SinnerThree: Preach, brother! It took me way too long to realize that Christmas is a fucking crock. I finally got it when I was thirteen. Not only did
I finally realize that nobody was ever going to surprise me with a decent present, togetherness makes people crazy. Mom and Grandma used to get drunk and scream at each other.
LobsterShorts: Ouch. I think I’m going to be the screaming drunk tonight. My family is really good at presents. But they suck at boundaries.
SinnerThree: But hey, presents!
LobsterShorts: Eh. I’m too old to be bought with the latest gaming console. The gift I want is respect. My father is such an asshole. I thought we’d be fighting about my summer plans but I haven’t even told him about those yet and we’re already killing each other. What’s your dream gift?
Now there’s something I don’t ever bother asking myself.
SinnerThree: A winning lottery ticket. I don’t mean it in a flip way. I just want to stop stressing about money. Making rent every month is always a trial. I’m always down to ramen and cans of beans at some point during the month.
Then I read that over and wonder what the hell I’m doing.
SinnerThree: It’s like woe is me day right now. Tell me something funny about animals.
LobsterShorts: Let’s see. Rats laugh when you tickle them.
SinnerThree: No way!
LobsterShorts: Hummingbirds eat twice their weight in food every day. Although, so do I.

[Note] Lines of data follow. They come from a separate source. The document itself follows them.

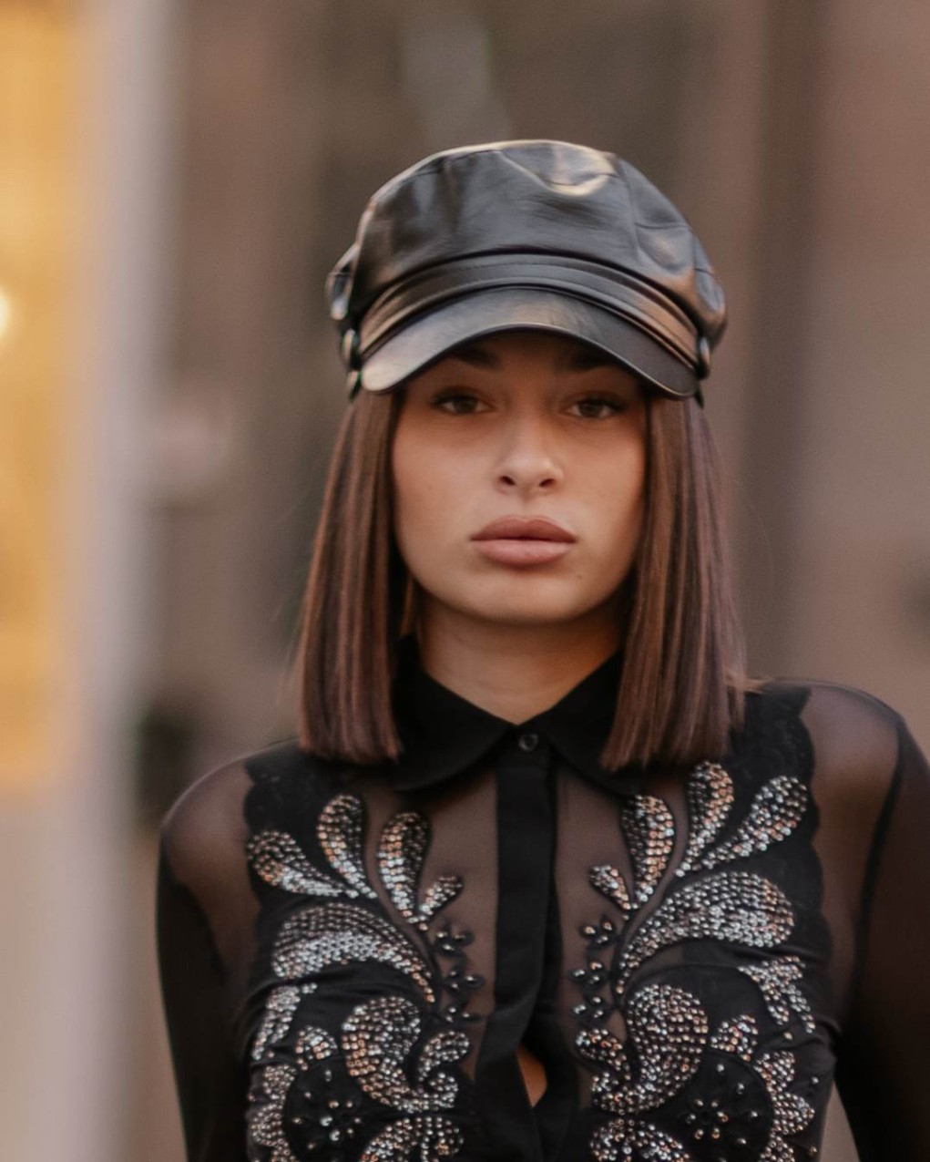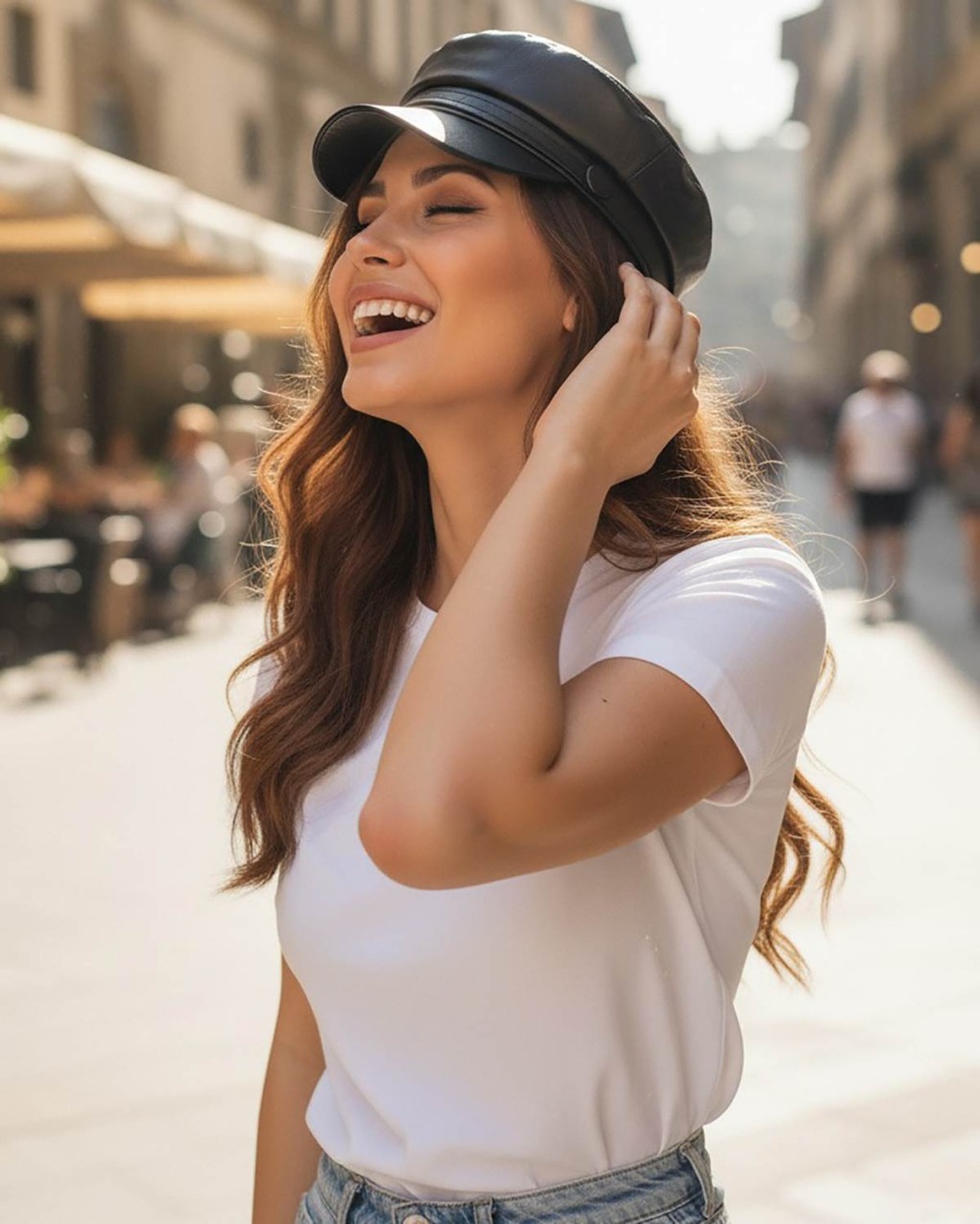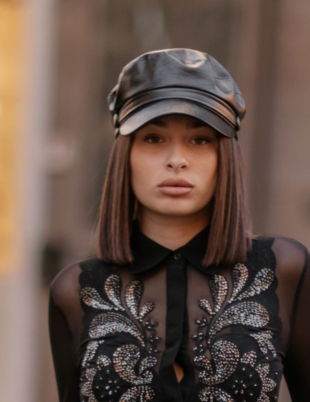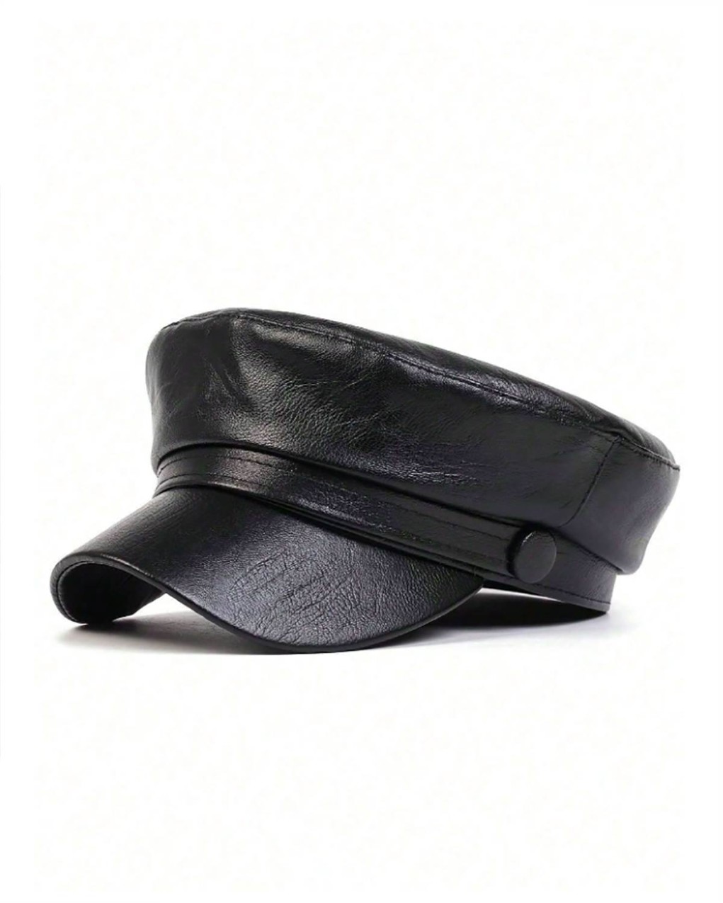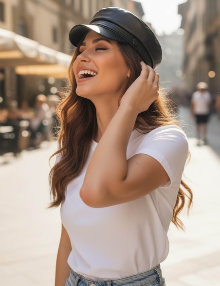 Elegante berretto stile militare/marinaio realizzato in pelle sintetica di alta qualità. Design classico con visiera rigida e fascia decorativa con bottone laterale. La struttura morbida e la vestibilità regolabile garantiscono comfort ottimale per un accessorio senza tempo che completa con stile ogni outfit.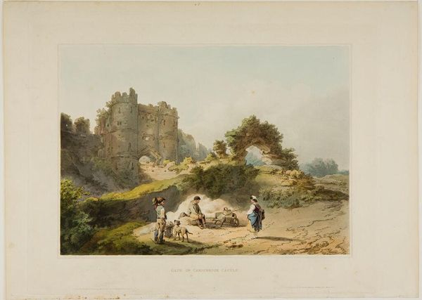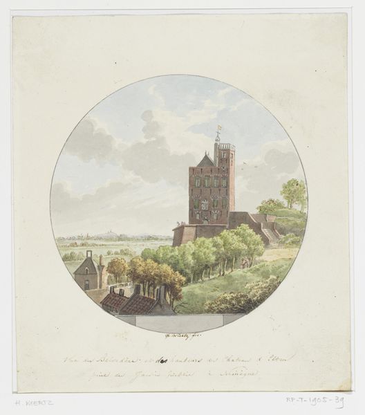 Editor: Here we have "View of the Belvédère in Nijmegen" from sometime between 1809 and 1845 by Johannes Franciscus Christ, a print. It feels so calm and orderly, almost like a stage set, doesn't it? What strikes you when you look at it? Curator: It's like stepping back in time, isn't it? That tower dominating the skyline, the groups of people strolling leisurely... it evokes a real sense of nostalgia. What I find interesting is the way Christ balances the man-made – the Belvédère itself – with the natural world. The Belvédère is juxtaposed against that expressive sky, creating a dramatic, yet peaceful, tension. Does the positioning of the figures within the image spark anything for you? Editor: They definitely add a human scale, like we're invited to step into this memory of Nijmegen. They seem posed, somehow... What did it mean to paint "en plein air" back then, compared to today? Curator: It was quite radical! Working directly in nature, trying to capture the fleeting effects of light and atmosphere... this was fairly new for the time. The commitment to accurately portray the natural world – although through the lens of Romanticism – it must have felt like a revelation. It’s a step away from formal studio landscapes, toward a more direct and subjective engagement. I see so much fresh perspective and emotion, don't you think? Editor: Absolutely! It's almost like a postcard from another century, colored with feeling. I hadn’t thought about the “en plein air” aspect—it’s fascinating to picture him there, capturing that particular light. Curator: Exactly. We see history, sure, but we also sense a kindred spirit, an artist striving to capture a fleeting moment in a world undergoing profound change, same as us. What could be more current than that?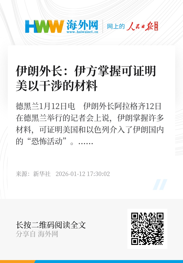 新华社德黑兰1月12日电 伊朗外长阿拉格齐12日在德黑兰举行的记者会上说,伊朗掌握许多材料,可证明美国和以色列介入了伊朗国内的“恐怖活动”。

SinnerThree: Well, you are a growing boy.
LobsterShorts: In more ways than one ;)
He follows that up with, As in, I’m growing right now…
And then—oh fuck yeah—an image appears in the chat thread. He’s growing, all right. The hard cock in the pic makes me salivate. It’s been months since I’ve gotten laid. Not for lack of interest, but lack of time. Work, school, and the Dance-off have eaten into any time I might’ve spent finding sex. And teasing LobsterShorts over the app has only made it worse. I might explode from all my pent-up frustrations.
In the photo, his thumb rests right beneath the mushroom head of his cock, as if he’d snapped the photo while stroking that sensitive spot. My body responds to the erotic sight, cock rising beneath my sweatpants. Then I notice the waistband of the trunks he’d pushed down in order to expose himself, and I’m laughing even as I slide my hands beneath my waistband.